Pecan Encrusted Red Snapper (Courtesy Tif Smith)
Finely chop the pecan and mix with bread crumbs and cajun seasoning.
Spoon on a syrup onto each filet and use your fingers to spread it over the top of the fish.
Press the syrup side of fish into the pecan mixture, making sure that a good layer of the pecan mixture adheres to the snapper.
Heat a saute' pan (allow it to get hot before adding the olive oil). Add 2 tbs. of olive oil and gently place the snapper pecan side down in the hot pan.

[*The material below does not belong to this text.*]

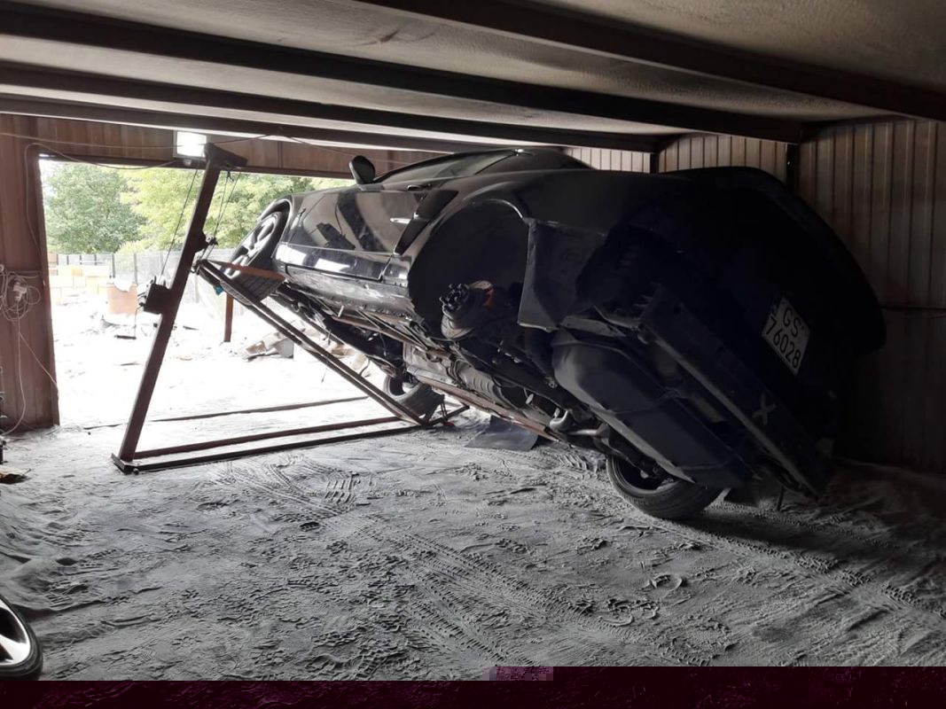 Miejsca podporu lewarka, z racji częstych zmian kół, zaczęły się trochę deformować. Pooglądałem trochę subframe connectors i oddałem Cobrę w dobre ręce na zrobienie zupełnie kastomowych usztywnień podwozia. Niejako przy okazji postanowiłem wysodować całe podwozie i zabezpieczyć je przed korozją.

Allow the snapper to brown for about 1 minute. Be careful not to let it burn. The syrup will caramelize quickly. Ver gently use a long metal spatula to turn the snapper over, keeping the topping in place and cook on this side of the snapper for another minute to sear. When removing from the pan, if any of the pecans fell off, replace them in the spots that need them.
Place in a baking dish with a little water and continue to cook in a 350 degree oven for about ten minutes.
In a small saute' pan, add 1 tbsp. of butter and after it melts add brown sugar and blend well.
Add lime juice and tequila. Allow the alcohol in the tequila to burn off.
Add in the last tbsp. of butter and allow the mixture to thicken. Do not overheat the sauce or it will burn. Wait until you are ready to serve the snapper before the final heating of the margarita sauce.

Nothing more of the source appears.